Etliche Besucherinnen haben sich jetzt am Dienstboteneingang von Chestnut Street Nr. 64 eingefunden. Während Hausherr Coolidge – ein Nachfahre von Calvin Coolidge, dem 30sten Präsidenten der Vereinigten Staaten – die Tickets kontrolliert, zeigt Gattin Nancy den ehrfürchtigen Besuchern den Garten.

"Ein wunderbarer Tag mit sehr disziplinierten Leuten", sagt Nancy Coolidge "Das geht hier nicht zu wie bei einem Fußballspiel." In ihrem Hof plätschert Wasser in ein Steinbecken, in den Beeten weiße Azaleen, Stechpalmen, Buchsbäume und ziemlich viel Efeu – gewiss: ein hübscher Ort. In punkto Farbenpracht, Vielfalt und Akkuratesse würde er in einer Berliner Kleingartenkolonie allerdings nicht weiter auffallen.

Den meisten Besuchern ist das allerdings egal. Sie wollen in Wahrheit gar nicht an Blüten schnuppern – sondern am Dasein der Reichen. "Wir möchten sehen, wie die anderen leben", gesteht Diane Klaiber, die mit ihren Schwimmfreundinnen aus der Stadt Sandwich auf Cape Cod gekommen ist.

Delfter Kacheln in der Küche

Dem Verlangen der Mittelschichtdamen wird mit gebotener Dezenz Rechnung getragen. In der West Chedar Street Nr. 30 haben die Bewohner, ein gefeiertes Publizistenpaar, die Tür vom Salon zur Terrasse aufstehen lassen – auf dass sich die Leute an Tafelsilber und Kristallglas satt sehen. "So können die sich ausmalen, wie eine Dinnerparty auf Beacon Hill aussieht", sagt die schriftstellernde Hausherrin.

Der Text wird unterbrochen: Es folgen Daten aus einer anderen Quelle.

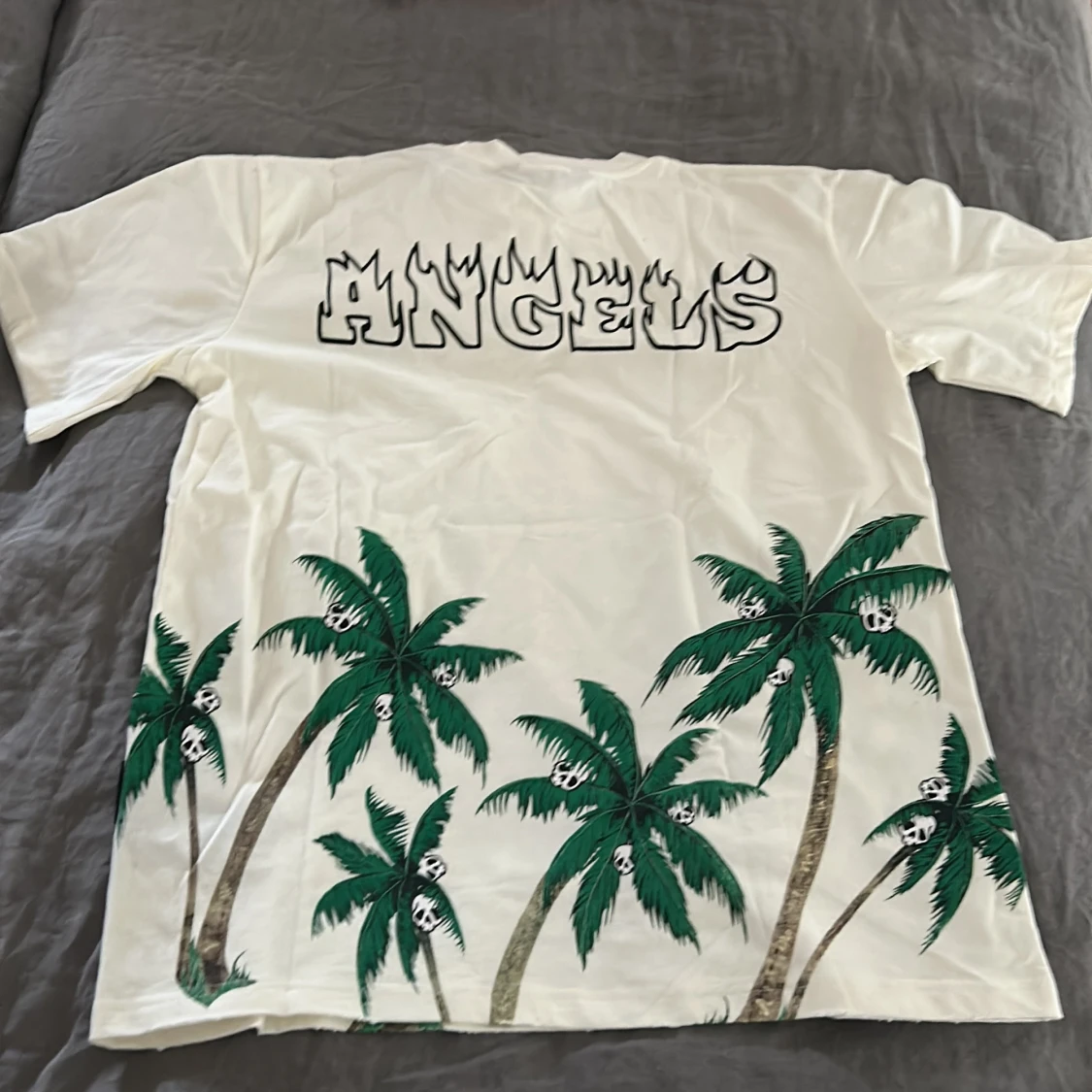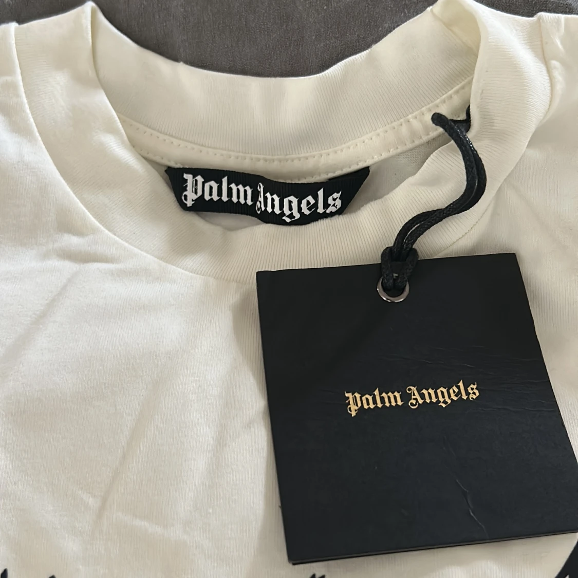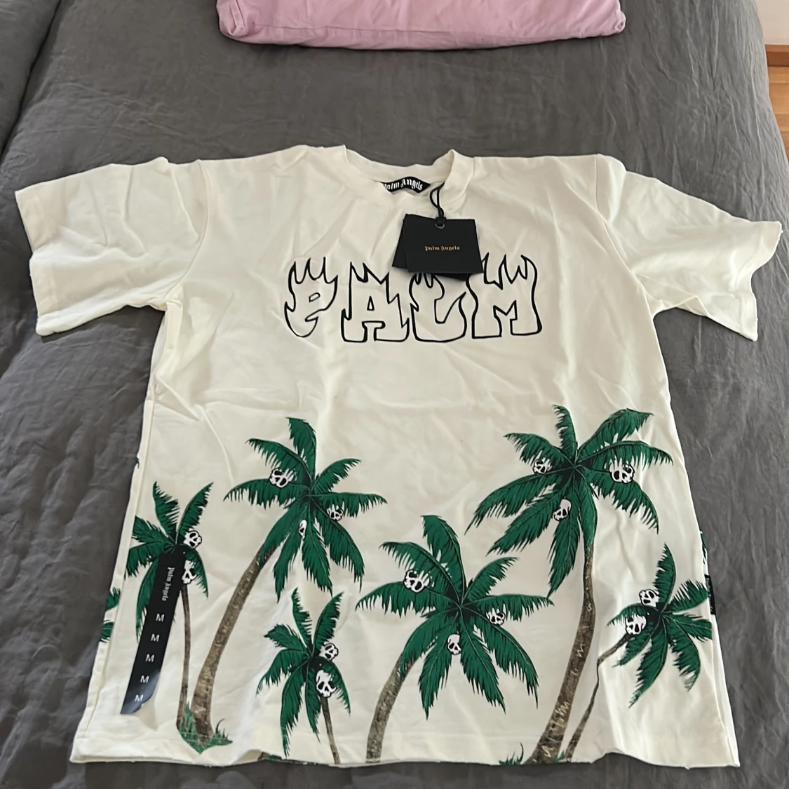 Hej, säljer denna Palm Angels T-shirten i storlek Medium, en perfekt och fet T-shirt till sommaren. Den är helt ny och taggarna sitter kvar, aldrig använd. Påsen medföljer. Kan gå ner i pris vid snabb handel, fraktar samma dag.

In der Schlange vor Louisburg Square Nr. 20 wird unterdes die Vorfreude immer größer – die Leute wissen, dass sie durchs Souterrain laufen dürfen, um in den Hof zu gelangen. Aber nur auf ausgerollten Plastikbahnen, damit sie das Kiefernparkett nicht zerkratzen.

Im Haus bleiben den Gaffern nur wenige Sekunden: Im Zimmer weiße Ledersofas und ein Vitrinenschrank voller Porzellan; in der Küche Delfter Kacheln. Die Obstbäume und Vögel sind von Hand an die Wände gemalt, nimmt Diane Klaiber mit Genugtuung zur Kenntnis: "Deshalb sind wir hier!" Inzwischen ist es kurz vor fünf am Abend, ein anstrengender Tag für die Bewohner von Beacon Hill neigt sich dem Ende zu. Ein versprengtes Ehepaar aus Heidelberg, das gar keine Tickets hat, wird noch schnell durchgeschleust, dann aber ist es auch gut. "Sie wissen ja, wie Sie nach draußen kommen", sagt eine Freundin des Hauses und zeigt zur Gartenpforte.